# Target pins



## Larry brown (Aug 17, 2013)

Get you some wire nuts, nail that will fit in there and epoxy the nail in. Hold well. There is a kid who makes some on Facebook also. Look up gas bow strings and they have some made by him and think they give his name. 
I have some that are bent wire have to take a picture of them and post em up.


----------



## autoguns (Apr 27, 2010)

these work good


----------



## Pacnorhunter (Apr 6, 2019)

Nice


----------



## Outsider (Aug 16, 2011)

autoguns said:


> these work good


I had really hard time pushing them in. Target would move before I was able to do it


----------



## Tipe (May 19, 2018)

Use normal nail and piece 1"x1" or ¾"x¾" of 10-12mm (25/64"-15/32") foam rubber. 
Push nail thru and put some epoxy to glue that head into foam.


Really works well and is easy to push... + U can make 100 of them at price of 12 bought pin's.


----------



## jk3campbell (Jun 11, 2016)

I made some of these for my wife, kids and me.
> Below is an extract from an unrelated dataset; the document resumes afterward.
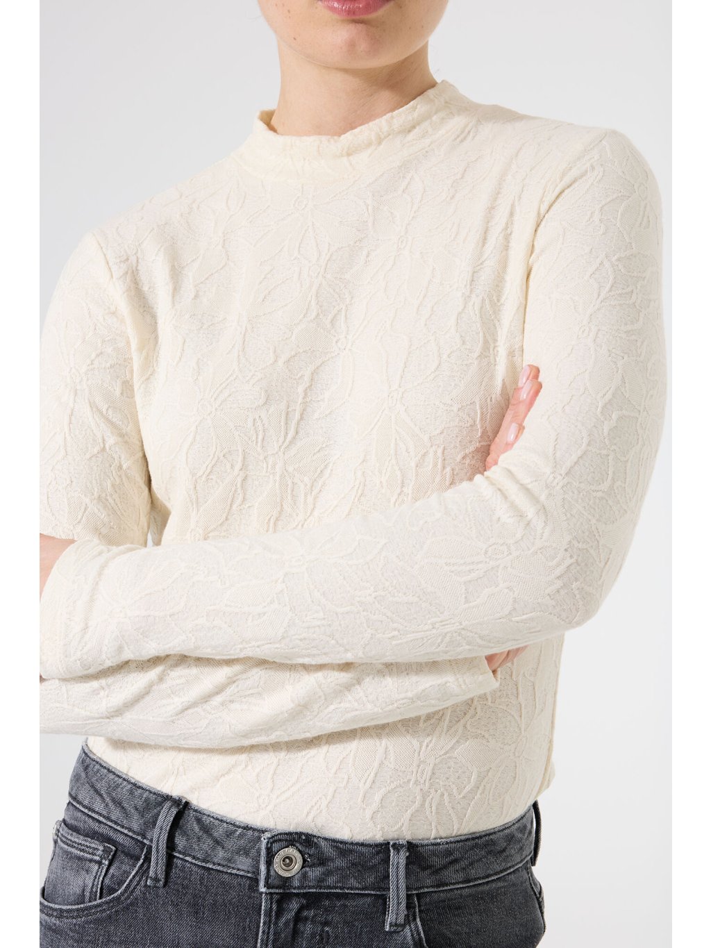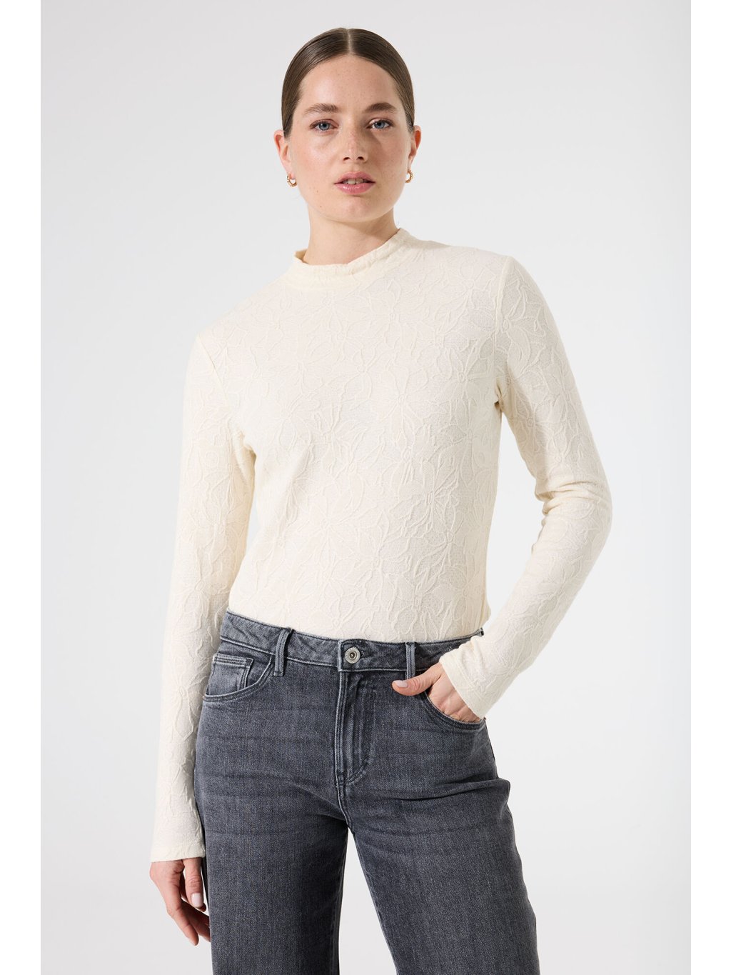 Dámské triko s dlouhým rukávem a žakárovou strukturou je elegantní kousek, který dodá vašemu outfitu výjimečný vzhled. Díky stojáčku, dlouhým rukávům a regular střihu působí moderně, nadčasově a zároveň zajišťuje pohodlné nošení po celý den. Kombinace materiálů 40 % bavlna, 38 % polyester, 17 % viskóza a 5 % polyamid nabízí měkkost, prodyšnost a jemnou pružnost.

Bought some cheap dice off Amazon drilled a hole matching the size of a nail. Cut off the head and epoxy or super glue the nail into the hole. Drill slow or the dice may develop some stress cracks. I also filed a groove in the nail for the glue to have more hold.









Sent from my XT1254 using Tapatalk


----------



## kballer1 (Aug 31, 2010)

Those that autogun show will tear your thumb nail off trying to remove them & they play heck on wheel chair wheels. Piece of old garden hose & ring barn nail works great for out doors target butts & long golf tee's work for indoor targets.


----------



## RebelGT (Apr 5, 2019)

Those die pins look awesome!


----------



## jcw740 (Jun 13, 2018)

Nice!


----------



## johnnyyukon (Jul 8, 2018)

jk3campbell said:


> I made some of these for my wife, kids and me. Bought some cheap dice off Amazon drilled a hole matching the size of a nail. Cut off the head and epoxy or super glue the nail into the hole. Drill slow or the dice may develop some stress cracks. I also filed a groove in the nail for the glue to have more hold.
> 
> 
> 
> ...


Brilliant. Can't believe it's been so hard to find a home depot/etc. solution. DIY it is


----------



## caspian (Jan 13, 2009)

I made several hundred of these for my club a couple of years ago for about $50. I bought 250 4" bullet head nails and I think 6 or 7 hardwood rake handles.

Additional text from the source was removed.